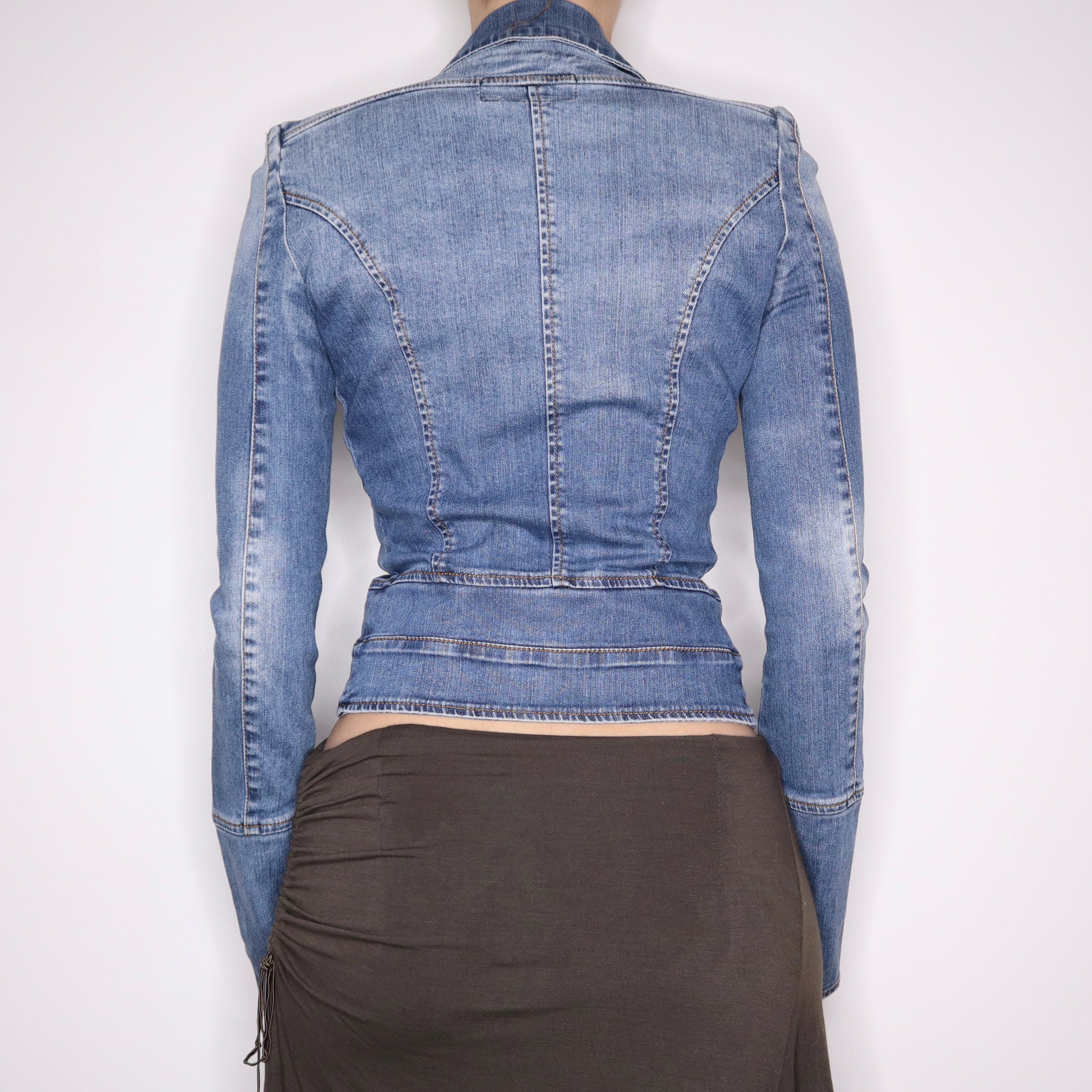 Y2K Italian Sexy Zip Up Denim Jacket (XS)
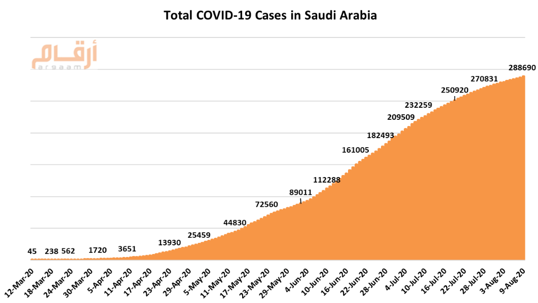 The total number of coronavirus cases in Saudi Arabia increased by 1,428 to 288,690 on Sunday, August 9, the Ministry of Health announced today.
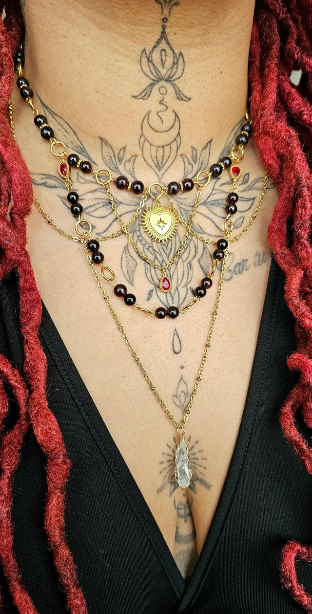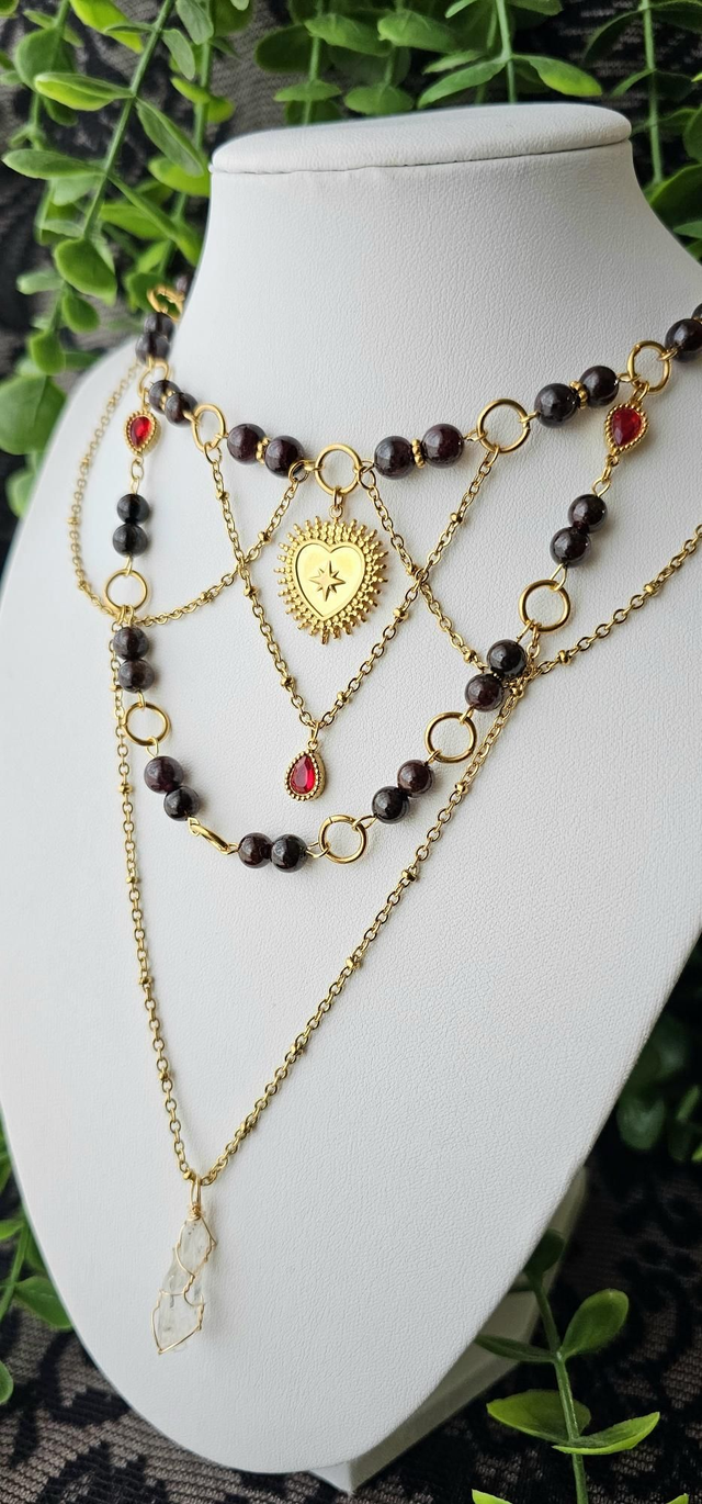 Grenat stimule l'énergie vitale, favorise la stabilité émotionnelle et accroître la confiance en soi. Cette pierre est associée à la créativité et à la passion, stimulant le désir de vivre pleinement.
# # # # #
Reproduce the material exactly; omit the pictures.

- [FINISHED TASK]:
 Y2K Italian Sexy Zip Up Denim Jacket (XS)
 The total number of coronavirus cases in Saudi Arabia increased by 1,428 to 288,690 on Sunday, August 9, the Ministry of Health announced today.
 Grenat stimule l'énergie vitale, favorise la stabilité émotionnelle et accroître la confiance en soi. Cette pierre est associée à la créativité et à la passion, stimulant le désir de vivre pleinement.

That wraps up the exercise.